New ‘GambleForce’ Threat Actor Behind String of SQL Injection Attacks

  • Home
  • New ‘GambleForce’ Threat Actor Behind String of SQL Injection Attacks

New ‘GambleForce’ Threat Actor Behind String of SQL Injection Attacks

Security researchers have recently identified a new threat actor, known as “GambleForce,” engaging in a series of SQL injection attacks against organizations in the Asia-Pacific region. The group, first detected by threat hunters at Group-IB in September, initially targeted gambling companies but has expanded its focus to include government entities, retail businesses, travel companies, and job websites.

The GambleForce Campaign

Group-IB’s report reveals that GambleForce has conducted attacks on at least two dozen organizations across Australia, Indonesia, the Philippines, India, and South Korea.

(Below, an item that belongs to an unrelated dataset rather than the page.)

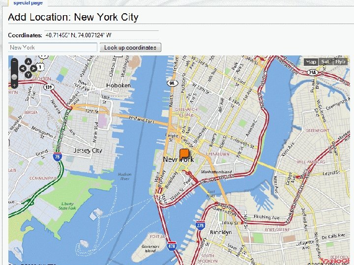 Semantic Maps • Media. Wiki extension • Hooks into – Maps – Semantic Media. Wiki – Semantic Forms • Functionality – Aggregation of coordinates (Result formats) – Insertion of coordinates (Form inputs)

The threat actor demonstrated a flexible approach, ceasing attacks after reconnaissance in some instances and successfully extracting user databases containing login credentials and hashed passwords in others.

SQL injection attacks exploit vulnerabilities in web application databases, allowing threat actors to execute unauthorized actions, such as retrieving, modifying, or deleting data. Despite being a well-known vulnerability, SQL injection remains prevalent, constituting 33% of all discovered web application flaws in 2022.

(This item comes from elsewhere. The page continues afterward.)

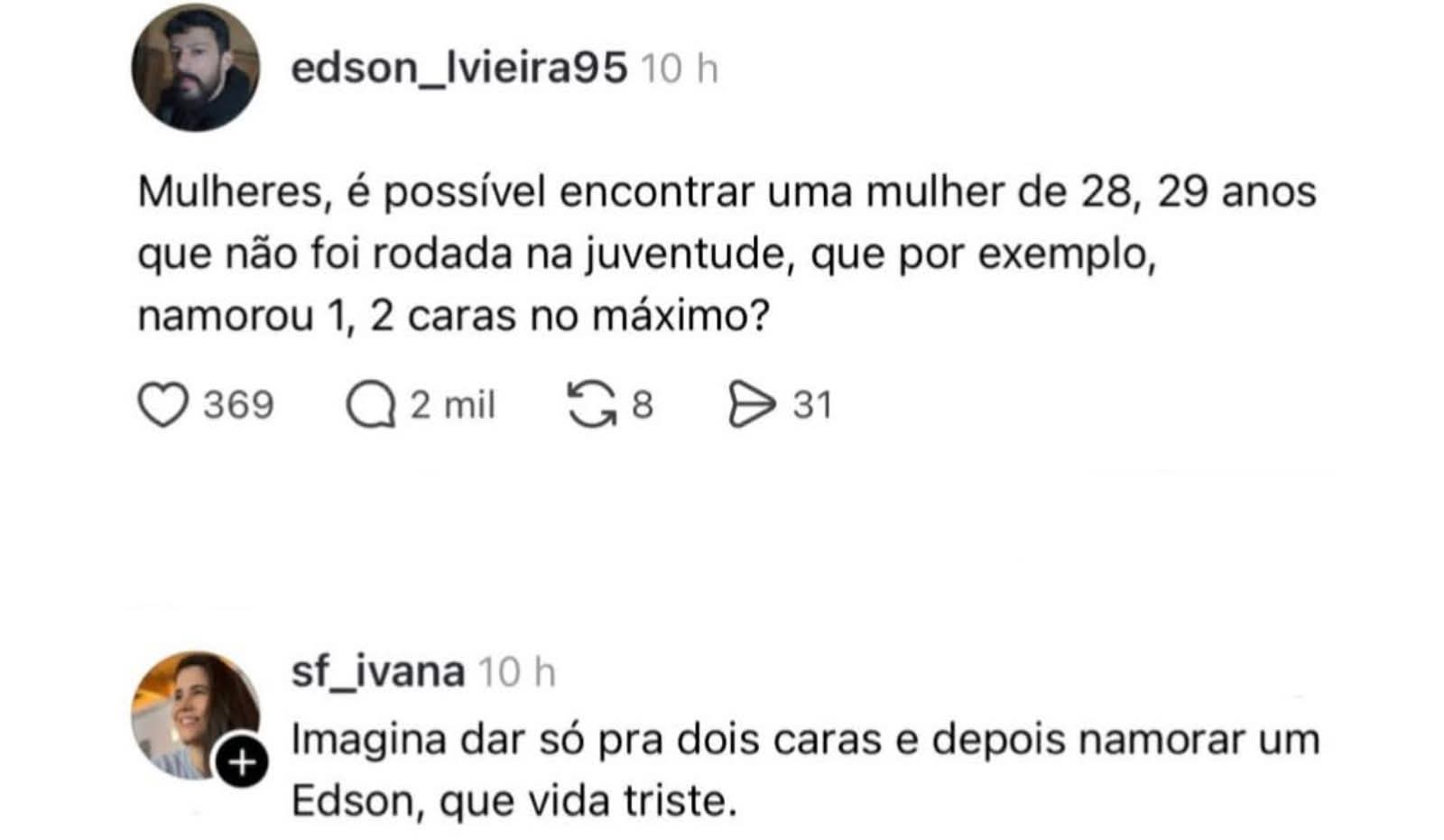 >a muié dá pra 30 no carnaval e depois quer amor verdadeiro, homem de valor, se nem valor ela temdroppou...

“GambleForce’s campaign stands out due to the group’s reliance on publicly available penetration testing tools for executing SQL injection attacks,” noted Nikita Rostovcev, Group-IB senior threat analyst.

Publicly Available Pen-Testing Tools

Group-IB’s analysis of the threat actor’s command-and-control (C2) server uncovered the use of publicly available penetration testing tools, demonstrating GambleForce’s avoidance of custom tools. Among the tools identified were dirsearch for discovering hidden files and directories, redis-rogue-getshell for remote code execution on Redis installations, and sqlmap for finding and exploiting SQL vulnerabilities. Additionally, the threat actor utilized Cobalt Strike, a popular open-source pen-testing tool, for post-compromise operations.

While the Cobalt Strike version employed by GambleForce featured Chinese-language commands, it is crucial to note that this alone does not definitively attribute the threat group to a specific country. Another potential indicator of the group’s origin is the use of a Chinese-language framework for creating and managing reverse shells on compromised systems.

Future Threat Landscape

Group-IB took down GambleForce’s C2 server upon discovery, but the researchers anticipate the threat actor regrouping and rebuilding its infrastructure to launch new attacks. The group’s motivation and specific use of exfiltrated data remain unclear, as telemetry suggests they are not targeting specific information during their attacks.

In conclusion, GambleForce’s utilization of publicly available tools underscores the importance of organizations prioritizing input security, data validation, and regularly updating software to mitigate SQL injection vulnerabilities. As this threat group may resurface with renewed tactics, organizations must remain vigilant and employ robust security measures to safeguard against SQL injection and similar cyber threats.